Dr. Munson diagnosed the appellant as having a depressive disorder. Later, she was diagnosed as having bipolar disorder. Apparently, she had been in the depressive cycle of bipolar disorder when she was evaluated by Dr. Munson. The appellant began taking medication for this disorder in July 1999.

After school started in September 1999, the appellant experienced numerous absences, was suspended for three days for fighting, and on several occasions left school early, without permission.

On October 27, the appellant and the Department entered into a third service agreement. She again agreed to attend school regularly, participate in individual therapy, find appropriate housing, and interact properly with Abiagail. She also agreed to make up the parenting classes she had missed and to comply with her psychiatrist's recommendations and medication regimen.

In November 1999, the appellant dropped out of school after numerous absences and a series of disciplinary measures. She failed to attend her therapy sessions regularly or to complete the parenting program.
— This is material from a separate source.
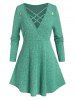 Plus Size Lattice Wide Rib Skirted Curved Hem Tunic Sweater

She continued to live with her mother, which was not an appropriate home for Abiagail. The following month, she stopped taking her medication and as a consequence was hospitalized in January 2000. The appellant returned to therapy in February 2000 and continued until April 19, 2000, when she failed to attend two consecutive counseling sessions.

On May 24, 2000, the appellant was adjudicated delinquent after being found involved in two counts of misdemeanor theft. She was placed on probation and ordered into community detention. When she...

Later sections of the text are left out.